### DIRECTIONS FOR THIS TASK
Nothing in the listing should be altered when it is copied, and no picture goes into the copy.

### PROVIDED DATA
#####

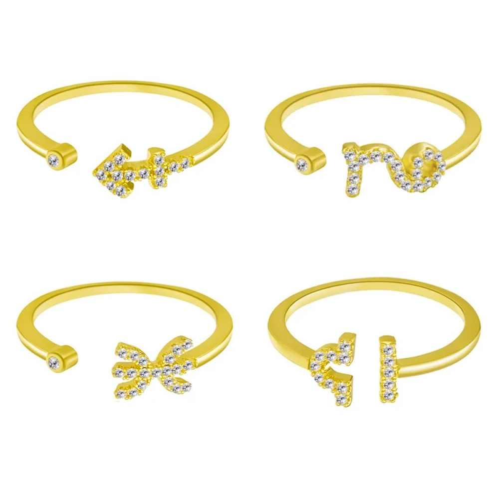 Celebre sua essência astrológica com o Anel Signos Banhado à Ouro com Cristal. Cada peça desta coleção única é uma homenagem ao seu signo do zodíaco, trazendo o símbolo correspondente delicadamente gravado e adornado com cristais que irradiam brilho e sofisticação.
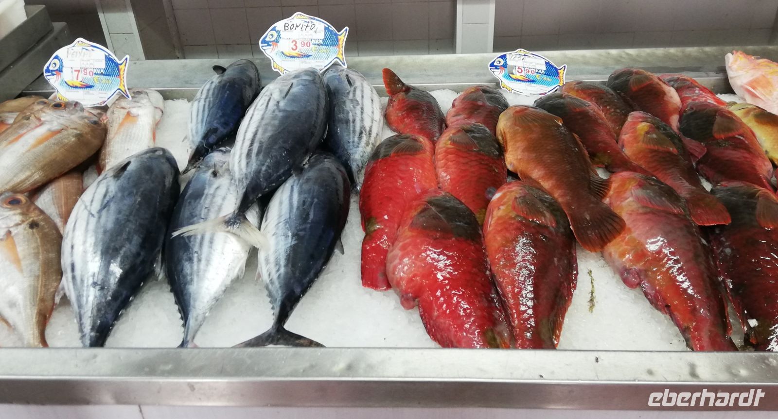 Wir schlendern weiter durch die Stadt und besuchen die kleine Markthalle mit frischem Fisch, regionalen Obst und Gemüse.
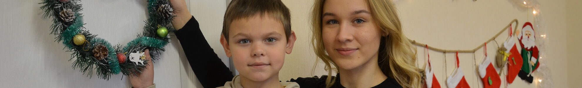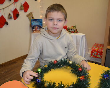 Die Kinder suchten sich die schönsten Zweige aus und wickelten sie sorgfältig um das Gerüst aus Draht. Jeder schmückte seinen Kranz mit unterschiedlichen bunten Kugeln, Dekorationen und Schleifen. „Tante Nadja, schau mal, mein Kranz sieht wunderschön aus! Er glitzert sogar.“

#####

### RESULT OF THE TASK
 Celebre sua essência astrológica com o Anel Signos Banhado à Ouro com Cristal. Cada peça desta coleção única é uma homenagem ao seu signo do zodíaco, trazendo o símbolo correspondente delicadamente gravado e adornado com cristais que irradiam brilho e sofisticação.
 Wir schlendern weiter durch die Stadt und besuchen die kleine Markthalle mit frischem Fisch, regionalen Obst und Gemüse.
 Die Kinder suchten sich die schönsten Zweige aus und wickelten sie sorgfältig um das Gerüst aus Draht. Jeder schmückte seinen Kranz mit unterschiedlichen bunten Kugeln, Dekorationen und Schleifen. „Tante Nadja, schau mal, mein Kranz sieht wunderschön aus! Er glitzert sogar.“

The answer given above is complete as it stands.